Assignment 1

CS 585 HW 1
Shoumik Majumdar
U13077651
29 Jan 2020


Problem Definition

Create a grayscale image of your face by converting your color image.
Flip your face image horizontally, i.e. left to right, right to left.
Come up with a third way of manipulating your face that produces an interesting output. For example, you may create a blurred image of your grayscale face by assigning to each pixel the average grayscale pixel value of itself and its 8 neighbors. Hint: You may have to run your program a few times to make the blurring noticeable.


Method and Implementation

I used the cv.imread() method provided by the openCV library to read the images.

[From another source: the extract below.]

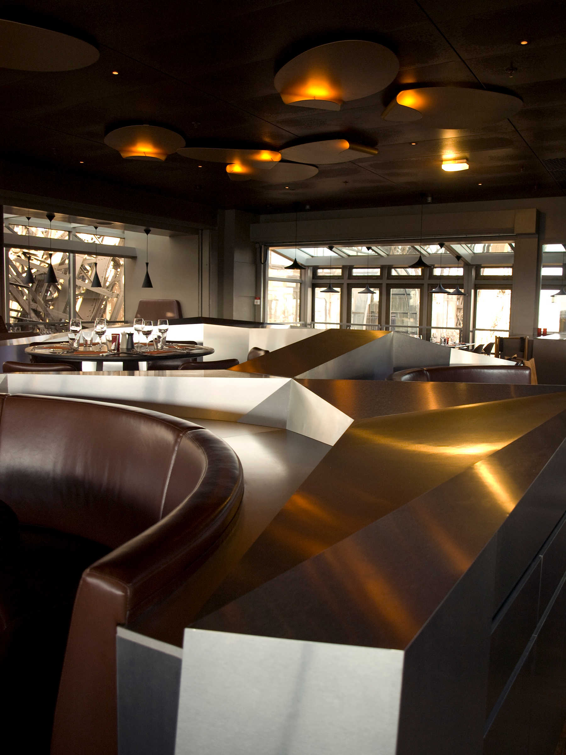 Up the sweeping wood and steel staircase, or the private elevator, the restaurant is striking with the iron-work of the tower serving to remind the visitor of their elevated location. During the day, the atmosphere is a picnic the Paris sky, while in the evening, it is the perfect place for a one to one romantic dinner with the City of Light.

Greyscale:- To get the greyscale image, I took the mean of all the 3 channels for all image coordinates. I used the numpy function np.mean() to calculate the mean of all 3 channels.

Flip:- To flip the image, I used the numpy function np.flip().

Transpose_left:- To rotate the image to the left by 90 Degrees, I transposed the image array using python's transpose function.

Transpose_right:- To rotate the image to the right by 90 Degrees, I flipped the image and transposed it.

Tint:- To tint the image, I set all the pixels of the Blue channel to 0.


Results

Following images were generated by using the above functions:

Results

Trial Source Image Result Image
Grayscale
Flipped Horizontal
Flipped Right
Flipped Left
Custom (Removed Blue channel)


Conclusions

OpenCv reads images as Numpy Arrays which makes it easy to work with images at a pixel level. Applying transpormations becomes easier as it is the same is aplpying transformations to a matrix of numbers.